C’est peut-être pour les aides d’Etat, un domaine par définition plus politique, que l’arrivée d’une nouvelle équipe aura le plus d’effet
Benoît Lebret, associé chez Gide et ancien chef de cabinet d’un commissaire français
L’omniprésence allemande

La surreprésentation des Allemands à des postes stratégiques européens est impressionnante. L’arrivée de Martin Selmayr à la tête du cabinet du président de la Commission l’a encore renforcée. D’autant plus que ce juriste aussi ferme que souriant a déjà imprimé sa marque en corrigeant la copie de certains membres de la Commission au moment des auditions parlementaires. «  Personne ne dit qu’il y a deux Français au cabinet du président et un seul Allemand », rappelle-t-on dans l’équipe du nouveau maître de la Commission. Une défense un peu dérisoire quand on connaît le pouvoir considérable du chef de cabinet du président, véritable président bis… sans commune mesure avec un simple membre de cabinet.
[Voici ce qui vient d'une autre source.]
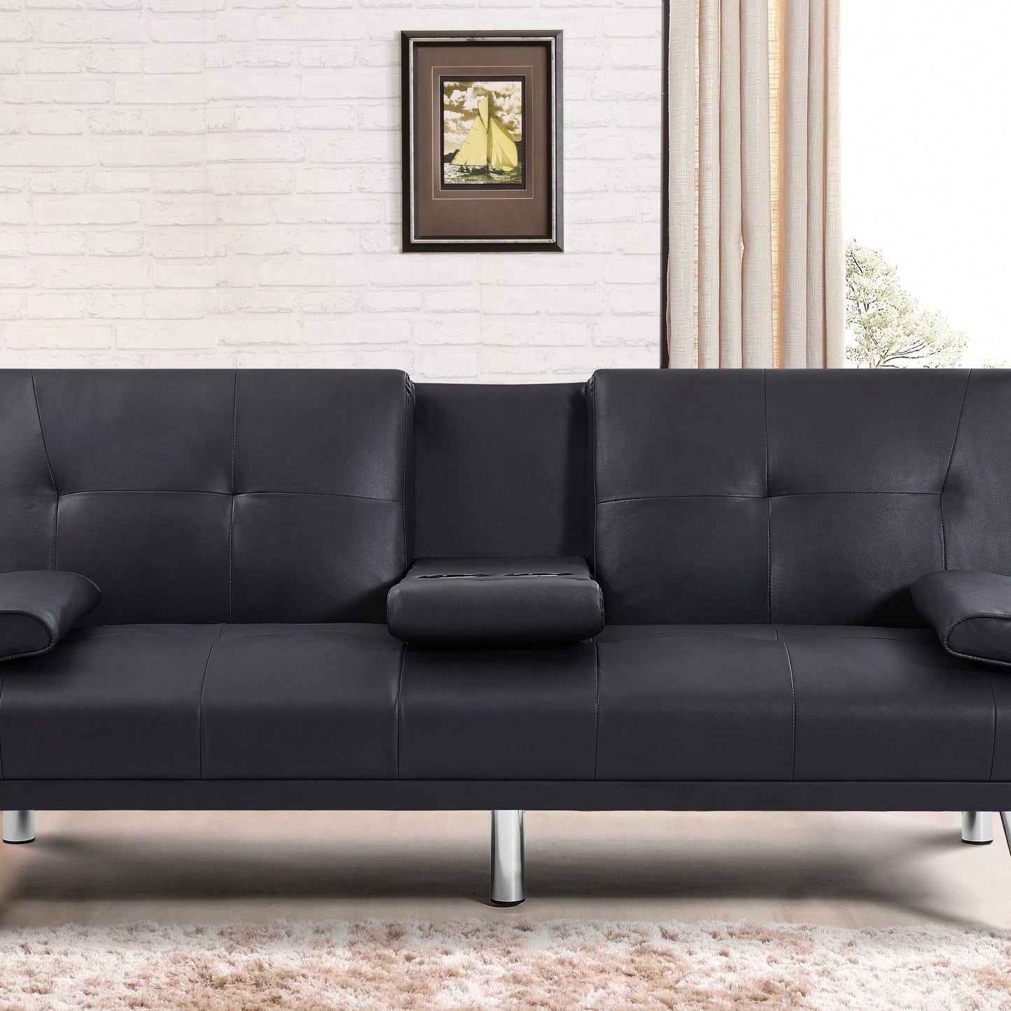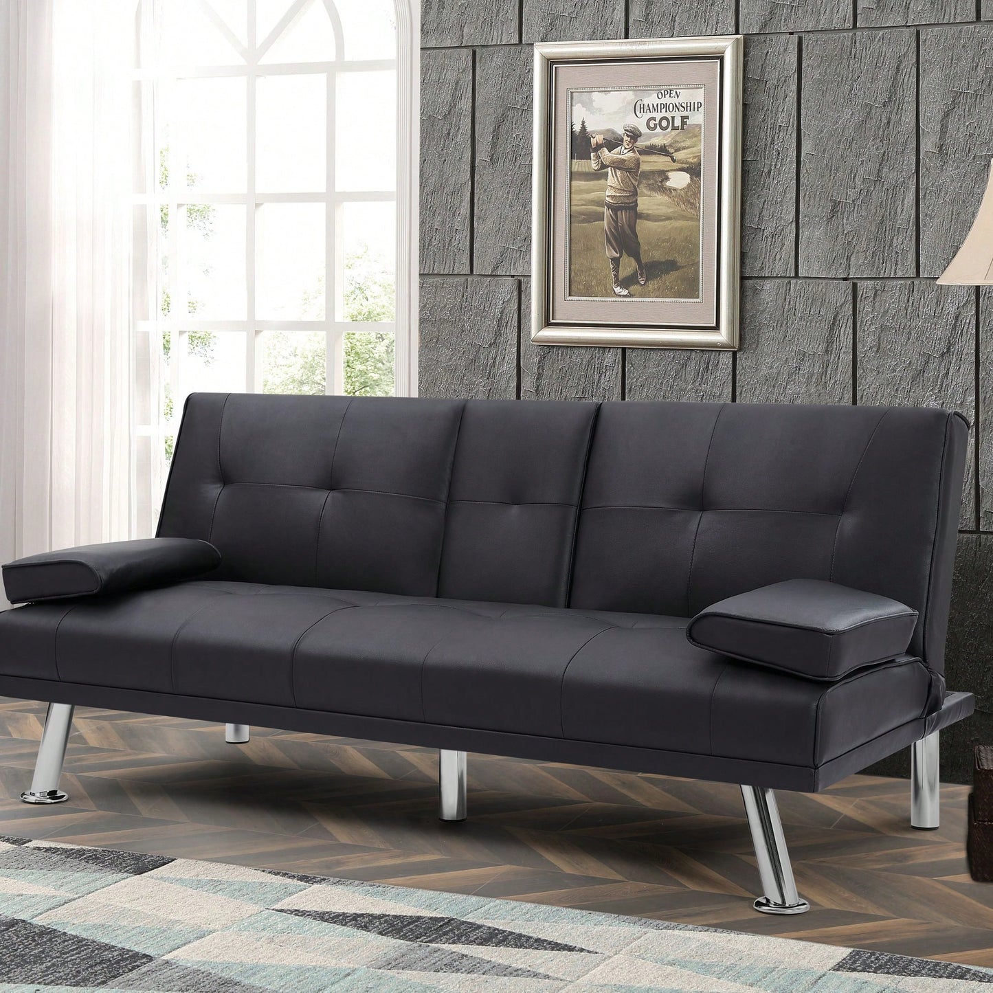 Here are 5 Features that summarize the product description of a black foldable sofa bed with cup holder: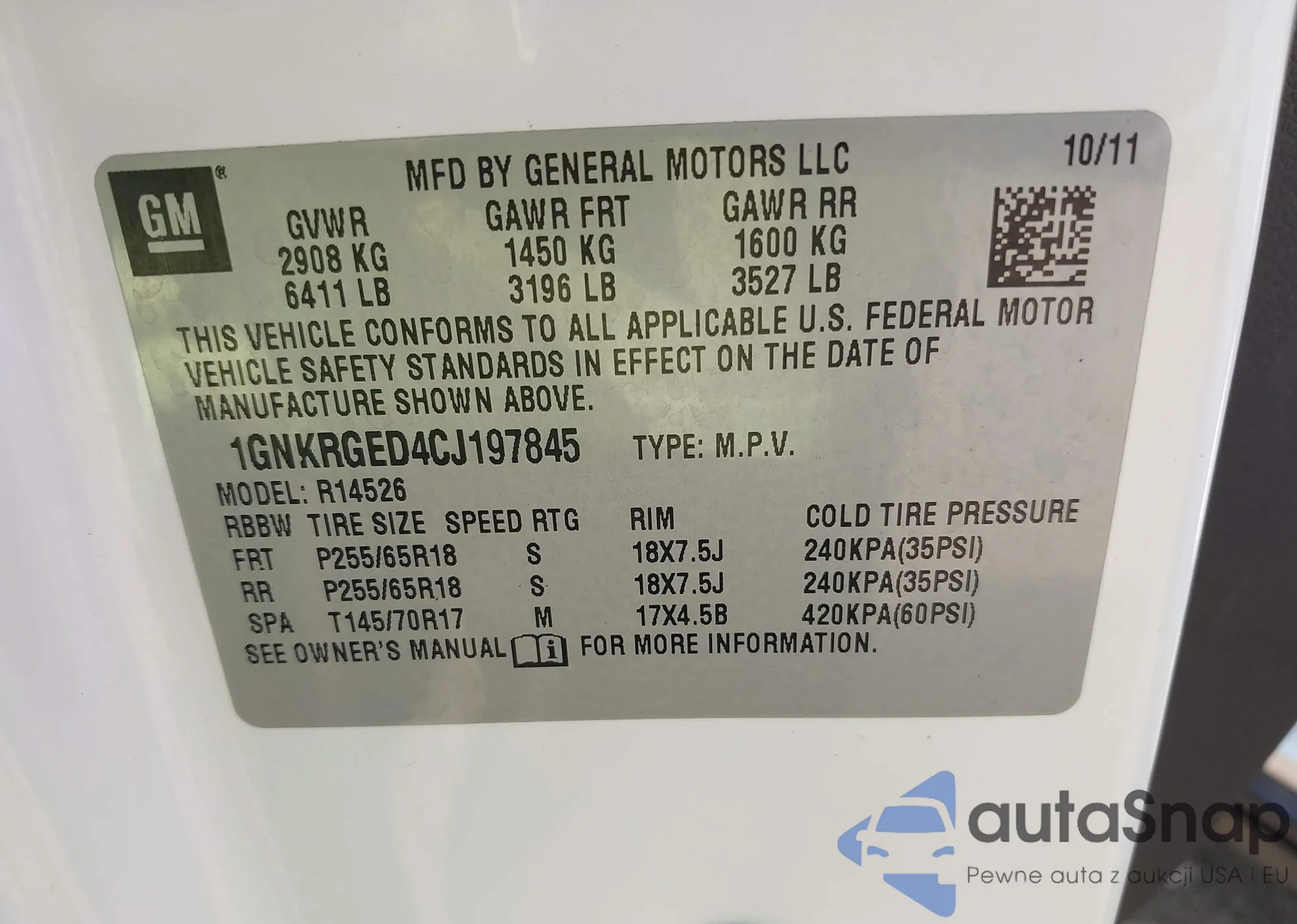 LOT: 42487210 VIN: 1GNKRGED4CJ197845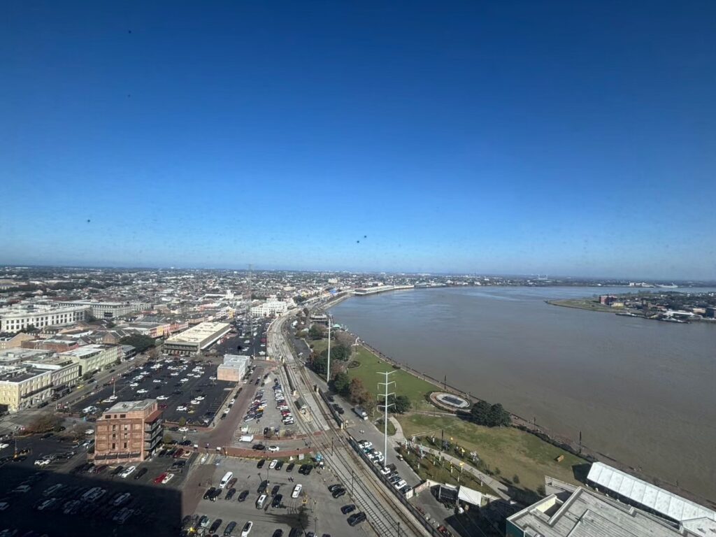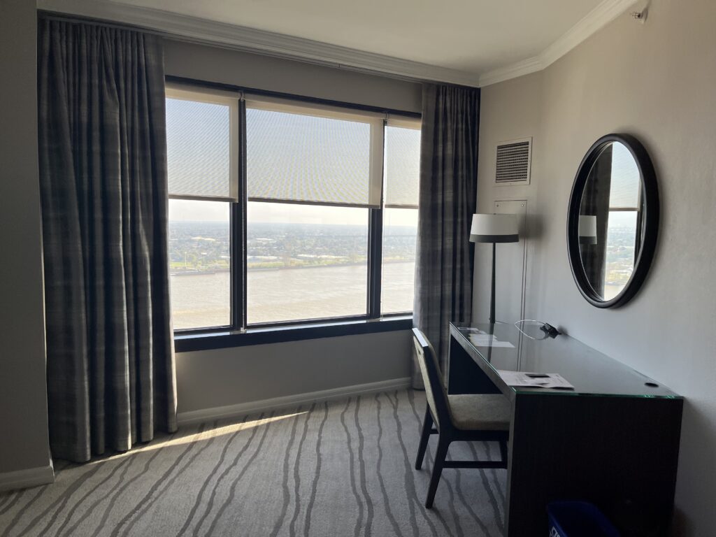 お部屋からの景色。ミシシッピ川を一望できました。左側には、フレンチクォーターやカナルストリートも見えます。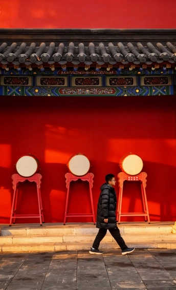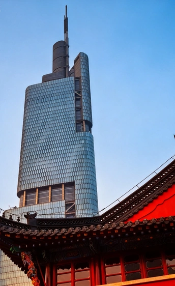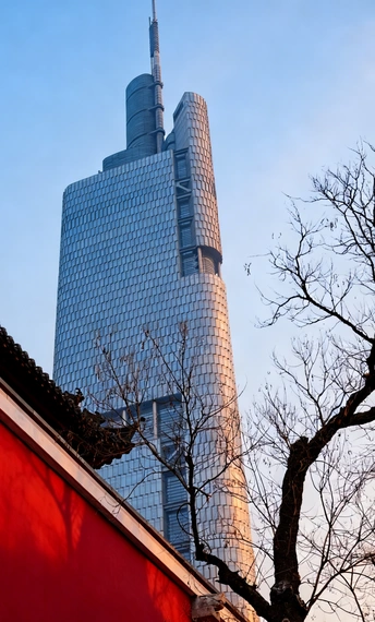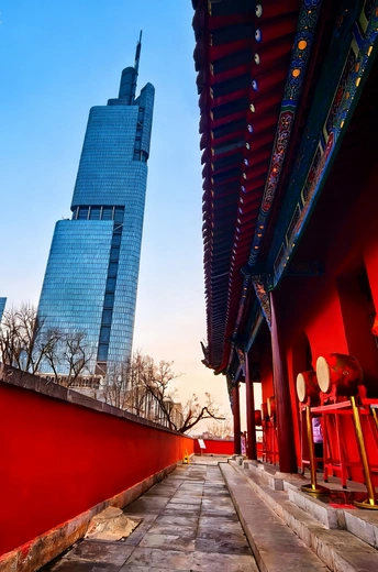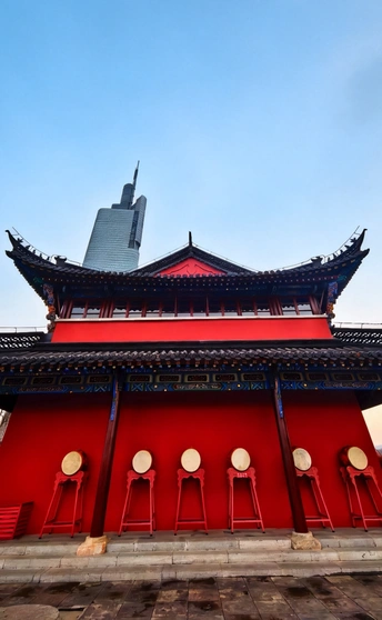 清晨的紫峰与鼓楼公园完美捕捉了古今同框”的经典画面。 鼓楼公园的红墙黛瓦,飞檐翘角的屋檐下,彩绘斗拱与朱红立柱交相辉映,几面大鼓静置于台基之上,尽显中式建筑的庄重与华美。一道朱红宫墙沿着石板路向远处延伸,将视线引向画面左侧。 高达450米的紫峰大厦如巨人般矗立,蓝色玻璃幕墙在天光下熠熠生辉,现代感十足。它与前景的古典建筑形成强烈的时空对话,传统的朱红与现代的冷蓝、飞檐的曲线与玻璃的直线,在同一画面中碰撞出独特的美感。 背景是澄澈的蓝天,几株枯树的枝桠在楼宇间勾勒出冬日的轮廓,更添几分意境,更是对历史与未来、传统与现代交融共生的生动诠释。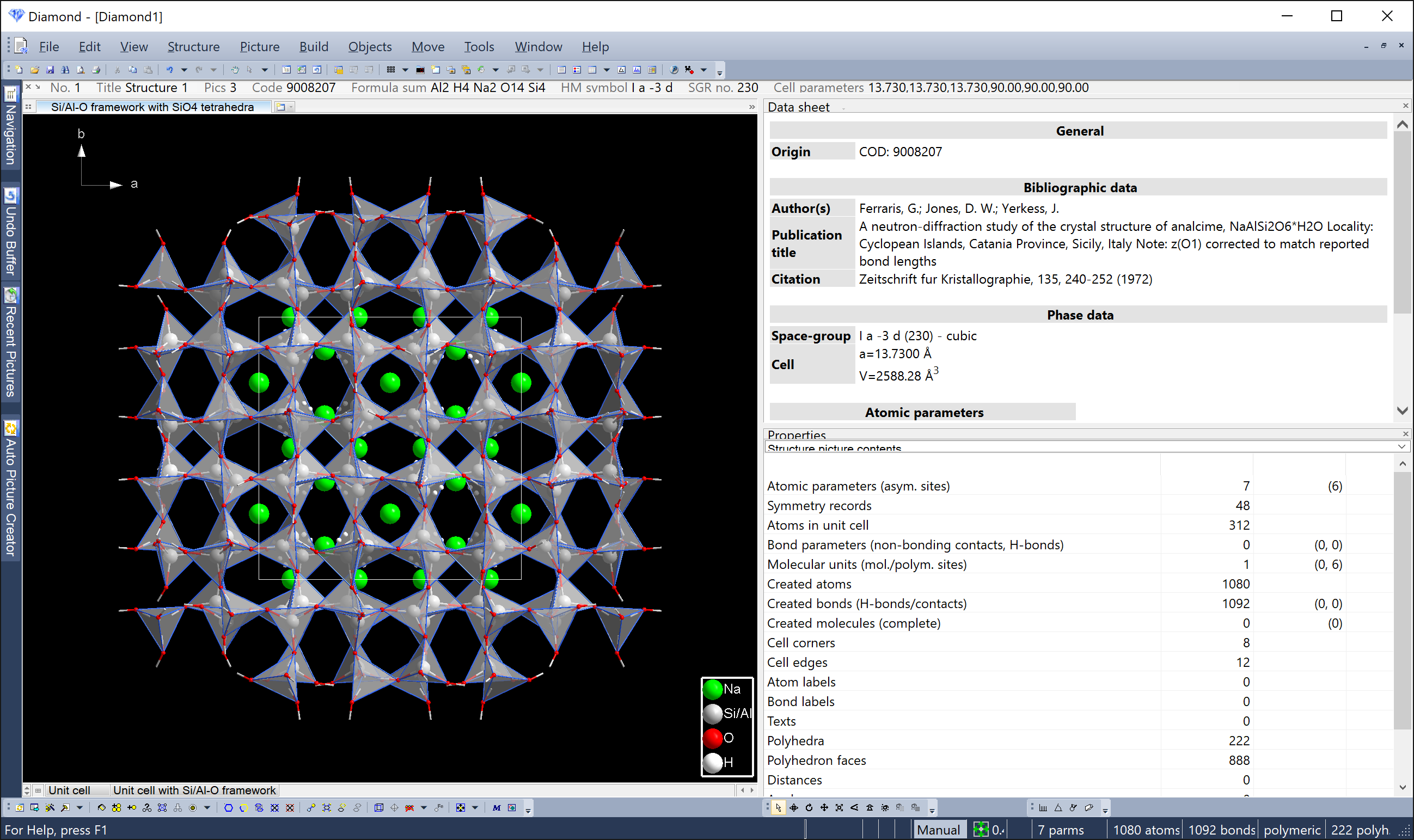 and diffraction table/diagram, rsp., are now positioned right beneath the structure picture(s) view. |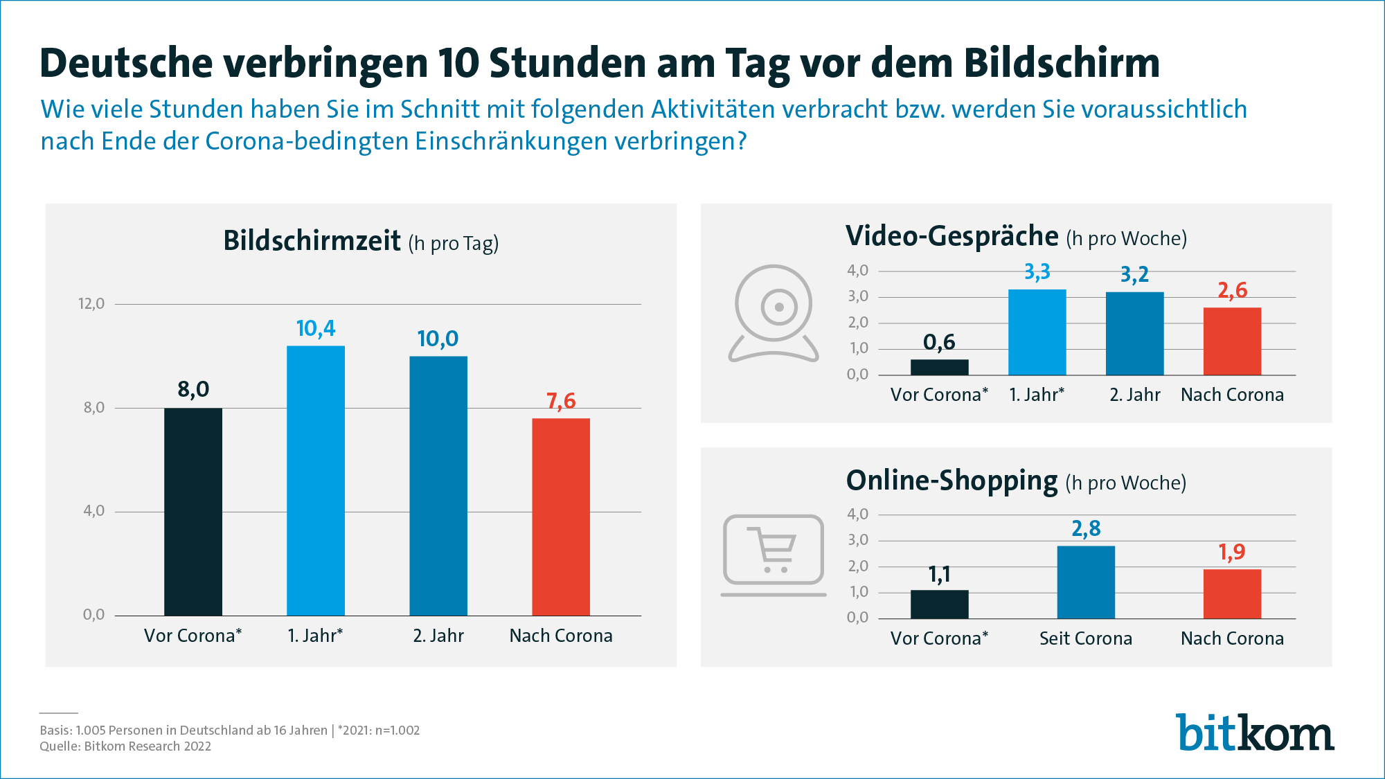 Berlin, 25. Januar 2022 - Ob Smartphone, Laptop oder Fernseher: Seit Corona verbringen die Menschen mehr Zeit vor dem Bildschirm. So beträgt die durchschnittliche Bildschirmzeit derzeit 10 Stunden pro Tag, 70 Stunden in der Woche. Dieser Wert ist seit Beginn der Pandemie vor zwei Jahren von damals 8 um 2 Stunden pro Tag gewachsen. Starke Anstiege verzeichnen vor allem Videostreaming, Videotelefonie und Online-Shopping. Knapp ein Viertel der zusätzlichen Bildschirmzeit, im Durchschnitt 24 Minuten pro Tag zusätzlich, werden Videos, Filme oder Serien gestreamt – insgesamt fast eine Stunde am Tag (57 Minuten). Videotelefonate gab es vor der Pandemie so gut wie gar nicht. Gerade einmal 5 Minuten täglich wurde privat per Video telefoniert, jetzt ist es fast eine halbe Stunde (27 Minuten). Auch die Zeit, die man mit Online-Shopping zubringt, hat sich mehr als verdoppelt. Für die Shopping-Tour im Web wird im Schnitt täglich eine Viertelstunde zusätzlich investiert, 24 Minuten sind es unter dem Strich jeden Tag. Das zeigt eine aktuelle repräsentative Befragung von mehr als 1.000 Personen ab 16 Jahren in Deutschland, die im Auftrag des Digitalverbands Bitkom durchgeführt wurde. „In der Corona-Pandemie haben digitale Technologien das Leben am Laufen gehalten, beruflich wie privat. Dabei wächst das Bedürfnis, wieder mehr Zeit in der analogen Welt zu verbringen“, sagt Bitkom-Präsident Achim Berg. So haben sich viele Menschen vorgenommen, ihre Bildschirmzeit nach Ende der Corona-bedingten Einschränkungen auf durchschnittlich 7,6 Stunden pro Tag zu reduzieren und damit unter das Vor-Krisen-Niveau zu bringen. Berg: „Wie auch immer die künftige Entwicklung sein wird: Mehr als jeder fünfte Haushalt (22 Prozent) hat sich auf eine anhaltend intensive Internetnutzung vorbereitet und wegen der Pandemie einen leistungsfähigeren Breitbandanschluss schalten lassen.“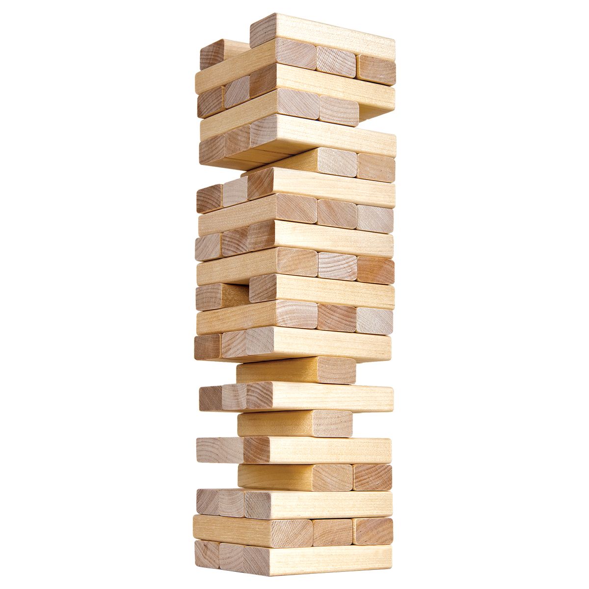 - Игроков может быть столько, сколько собралось друзей. Каждый игрок выбирает ряд, вытаскивает одной рукой брусок и укладывает на новый, верхний ряд башни.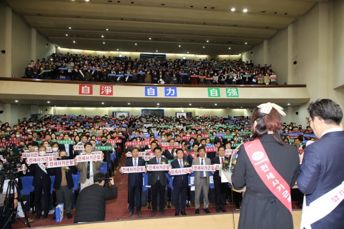 이어 "책임있는 중개업무를 통한 전세사기 예방과 근절에 앞장서자는 11만 협회 회원의 굳은 결의를 다지기 위해 오늘 전국에서 1500명의 회원들이 한자리에 모여 그 의지를 다짐하고자 한다"고 밝혔다.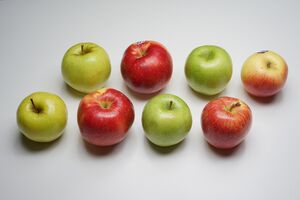 Apples are diploid, with two sets of chromosomes per cell (though triploid cultivars, with three sets, are not uncommon), have 17 chromosomes and an estimated genome size of approximately 650 Mb. Several whole genome sequences have been completed and made available. The first one in 2010 was based on the diploid cultivar 'Golden Delicious'.[19] However, this first whole genome sequence contained several errors,[20] in part owing to the high degree of heterozygosity in diploid apples which, in combination with an ancient genome duplication, complicated the assembly. Recently, double- and trihaploid individuals have been sequenced, yielding whole genome sequences of higher quality.[21][22]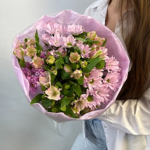 Цена букета зависит от сорта цветов, количества бутонов и размера композиции. Если нужен подарок недорого, выбирайте классические монобукеты с розами и хризантемами — можно найти варианты от 1500 руб.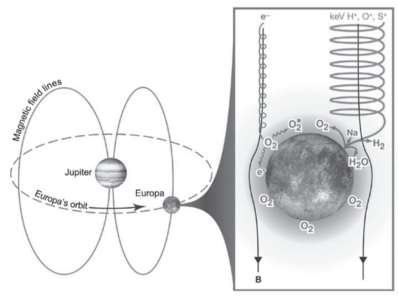 Europa'nın çok ince O2 atmosferi, Europa'nın yüzeyinin güneşin ultraviyole fotonları ve manyetosferik plazma tarafından ışınlanması sonucu oluşur. İyonlaştırıcı radyasyonun oksidan üretimi, Europa'nın olası yer altı okyanusunda yaşam için potansiyel kaynak oluşturabilir.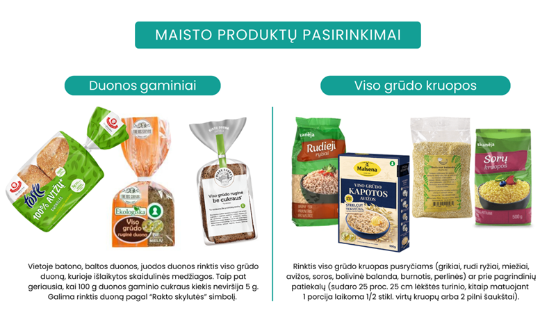 - Rinkitės viso grūdo produktus – duoną, košes, dribsnius, makaronus. Juose daugiau skaidulinių bei mineralinių medžiagų ir vitaminų.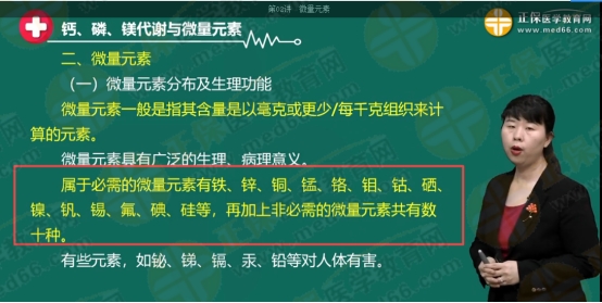 微量元素一般是指其含量是以毫克或更少/每千克组织来计算的元素。微量元素具有广泛的生理、病理意义。属于必需的微量元素有铁、锌、铜、锰、铬、钼、钴、硒、镍、钒、锡、氟、碘、硅等,再加上非必需的微量元素共有数十种。有些元素,如铋、锑、镉、汞、铅等对人体有害。

A l’époque du président Prodi, alors que Pascal Lamy était commissaire au Commerce, après avoir dirigé le cabinet de Jacques Delors, les fonctionnaires blaguaient : « c’était mieux quand Pascal était président ». Selmayr n’est que le dernier signe d’une présence allemande qui commence à faire jaser, mais dont la poussée ne date pas d’hier. Elle s’affiche dans deux bras armés financiers de l’Union à la présidence de la Banque européenne d’investissement (Werner Hoyer) et du Mécanisme européen de stabilité (Klaus Regling). Dans l’administration, avec le pilotage des services du Parlement (Klaus Welle) et du Conseil (Uwe Corsepius). Elle s’étale aussi au Parlement avec la présidence (Martin Schulz) et celle de cinq commissions. A des postes moins visibles du grand public aussi, comme le porte-parolat de la Banque centrale européenne, de la Banque européenne d’investissement et du Mécanisme européen de stabilité. «  C’est un fait que Bruxelles est un peu plus allemande qu’il y a quelques années. Mais fut un temps où elle était nettement dominée par des Français, à la Commission et dans l’administration », rappelle une source à la Commission.